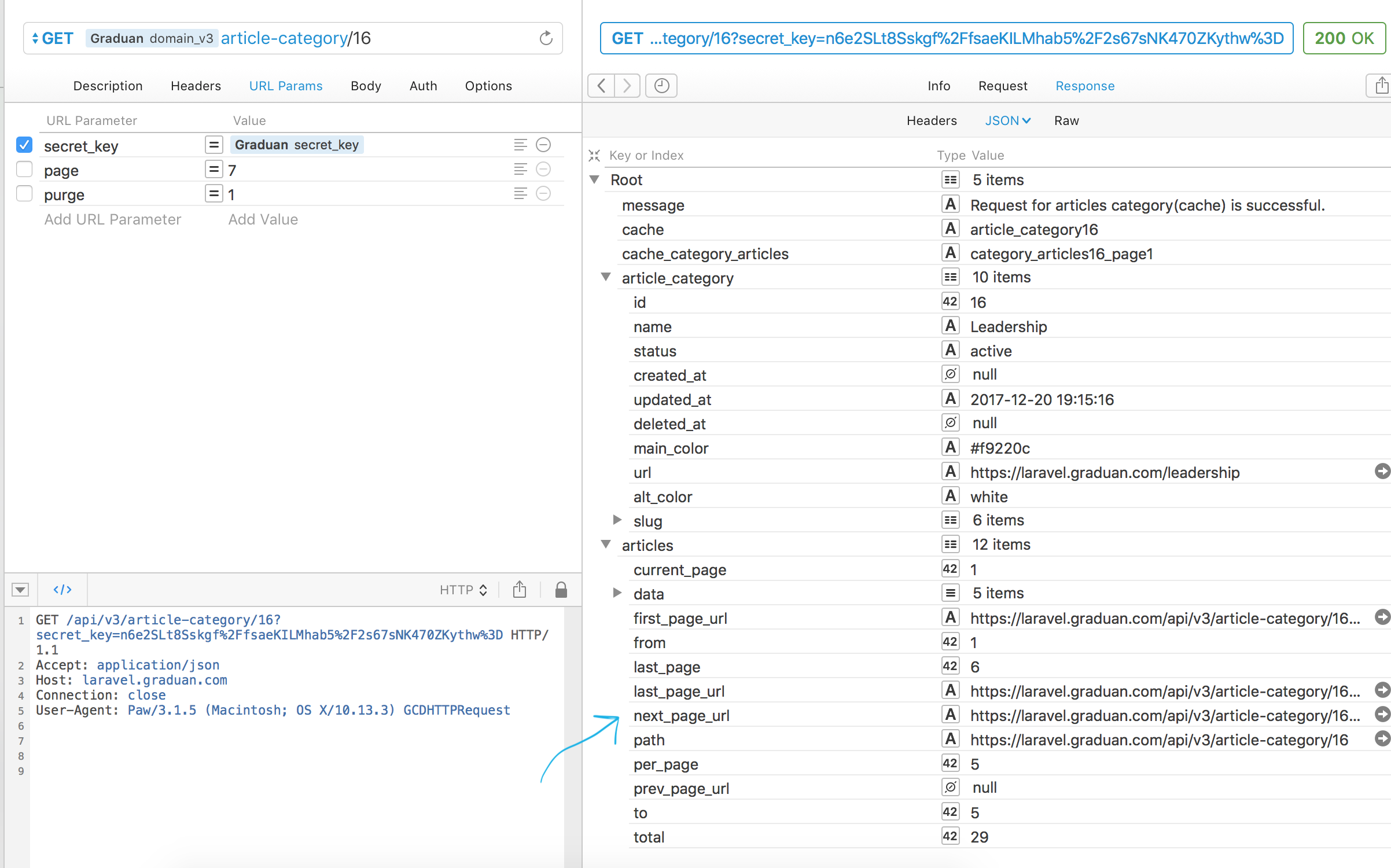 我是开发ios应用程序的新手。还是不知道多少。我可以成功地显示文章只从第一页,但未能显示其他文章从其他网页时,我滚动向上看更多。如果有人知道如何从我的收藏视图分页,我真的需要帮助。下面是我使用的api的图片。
━━━
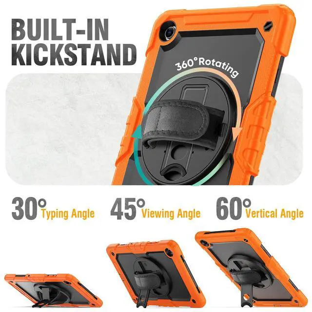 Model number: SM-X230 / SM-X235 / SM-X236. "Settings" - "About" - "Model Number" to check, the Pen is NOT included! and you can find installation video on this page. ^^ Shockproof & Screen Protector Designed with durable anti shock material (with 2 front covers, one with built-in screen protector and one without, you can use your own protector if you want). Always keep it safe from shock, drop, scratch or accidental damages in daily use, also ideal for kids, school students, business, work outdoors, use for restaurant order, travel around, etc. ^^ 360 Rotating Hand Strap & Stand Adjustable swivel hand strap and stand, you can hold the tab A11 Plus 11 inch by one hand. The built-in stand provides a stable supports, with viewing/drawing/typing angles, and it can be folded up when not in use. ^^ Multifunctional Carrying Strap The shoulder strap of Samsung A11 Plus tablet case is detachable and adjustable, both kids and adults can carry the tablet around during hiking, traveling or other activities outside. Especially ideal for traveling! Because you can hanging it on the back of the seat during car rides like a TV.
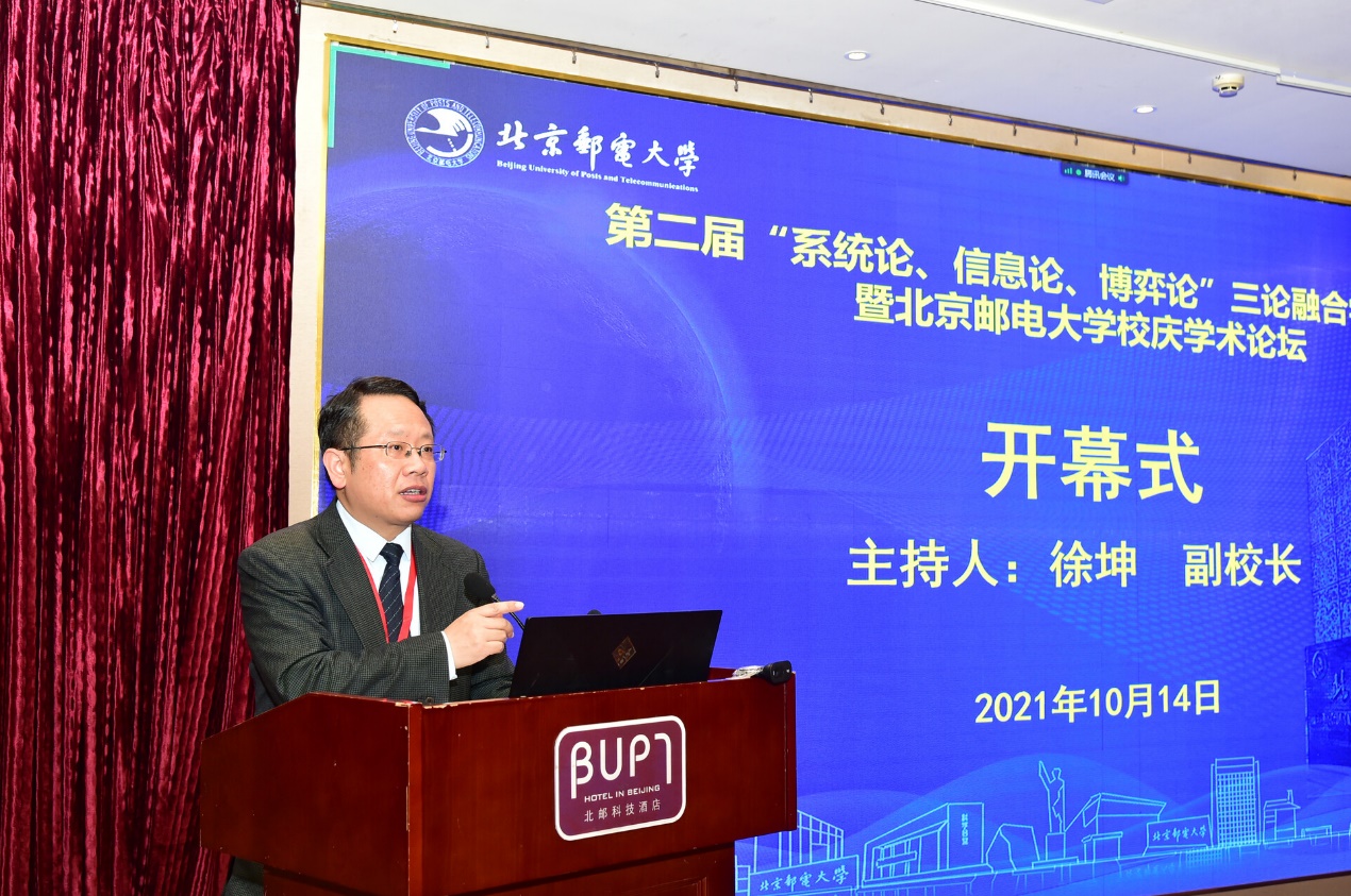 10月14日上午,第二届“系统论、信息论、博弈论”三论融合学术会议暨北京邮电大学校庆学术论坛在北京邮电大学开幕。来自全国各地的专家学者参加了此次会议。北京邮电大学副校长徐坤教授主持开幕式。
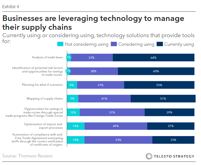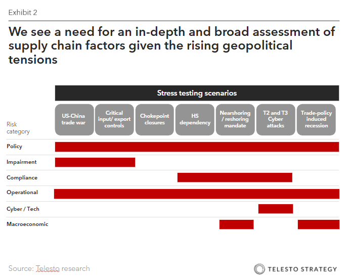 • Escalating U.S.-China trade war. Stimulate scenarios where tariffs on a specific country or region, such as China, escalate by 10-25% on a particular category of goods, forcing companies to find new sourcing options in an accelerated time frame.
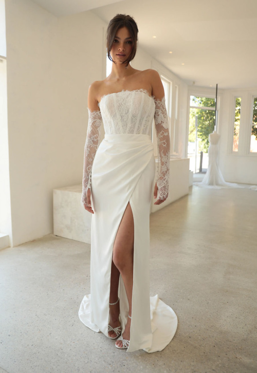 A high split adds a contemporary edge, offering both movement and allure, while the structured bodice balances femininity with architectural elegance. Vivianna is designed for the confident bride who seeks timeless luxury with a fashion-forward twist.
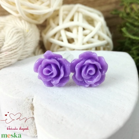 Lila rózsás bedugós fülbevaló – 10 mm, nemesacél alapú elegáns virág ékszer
━━━
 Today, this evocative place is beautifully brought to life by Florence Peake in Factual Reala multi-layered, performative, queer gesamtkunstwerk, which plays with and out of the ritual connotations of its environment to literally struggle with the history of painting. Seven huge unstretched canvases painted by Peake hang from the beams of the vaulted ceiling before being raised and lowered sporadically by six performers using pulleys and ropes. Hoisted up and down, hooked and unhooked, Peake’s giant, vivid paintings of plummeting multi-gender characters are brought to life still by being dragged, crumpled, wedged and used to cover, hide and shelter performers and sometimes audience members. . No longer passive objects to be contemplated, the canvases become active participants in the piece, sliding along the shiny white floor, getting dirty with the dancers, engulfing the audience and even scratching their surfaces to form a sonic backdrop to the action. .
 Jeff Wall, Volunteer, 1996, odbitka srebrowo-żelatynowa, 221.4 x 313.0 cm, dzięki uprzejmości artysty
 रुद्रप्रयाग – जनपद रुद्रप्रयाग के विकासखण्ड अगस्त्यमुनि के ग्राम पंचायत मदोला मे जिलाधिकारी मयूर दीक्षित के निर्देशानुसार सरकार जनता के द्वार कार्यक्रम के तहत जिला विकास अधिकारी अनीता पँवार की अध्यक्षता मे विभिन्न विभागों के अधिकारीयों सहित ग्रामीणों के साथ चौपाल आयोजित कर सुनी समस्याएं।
━━━
EXERCISE GOAL: Exact repeat of the material above: every line from the one with "A high split" through the one with "Lila rózsás bedugós", endpoints included, and nothing more. No pictures.

SOLUTION TO THIS PROBLEM:
 A high split adds a contemporary edge, offering both movement and allure, while the structured bodice balances femininity with architectural elegance. Vivianna is designed for the confident bride who seeks timeless luxury with a fashion-forward twist.
 Lila rózsás bedugós fülbevaló – 10 mm, nemesacél alapú elegáns virág ékszer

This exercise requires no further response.